Небрежным жестом подозвал лакея, тащившего на
плече тяжелый чемодан, ткнул пальцем в желтую наклейку. На ней было написано
Banville. Приглядевшись, я заметил, что наклейки имеются на всех предметах
багажа, только на одних желтые с именем милорда, на других синие с надписью
Carr, а на третьих красные с надписью Freyby. Очень разумно, надо будет взять
на вооружение.
Очевидно, сочтя проблему благополучно
разрешенной, мистер Фрейби снова извлек из кармана свой фолиант и перестал
обращать на меня внимание, а я задумался о том, что английские батлеры,
конечно, всем хороши и свое дело знают, но кое-чему у нас, русских служителей,
все же могли бы поучиться. А именно – сердечности.

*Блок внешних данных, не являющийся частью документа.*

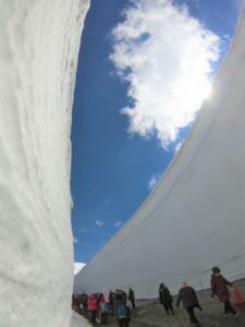 雪の大谷 最深部へ雪の高さ〇〇mへ

Они просто обслуживают
господ, а мы их еще и любим. Как можно служить человеку, если не испытываешь к
нему любви? Это уж какая-то механистика получается, будто мы не живые люди, а
автоматы. Правда, говорят, что английские дворецкие служат не господину, а дому
– наподобие кошек, привязываются не столько к человеку, сколько к стенам. Если
так, то этакая привязанность не по мне. И мистер Фрейби показался мне что-то уж
больно странным. Хотя, рассудил я, у такого хозяина и слуги должны быть чудные.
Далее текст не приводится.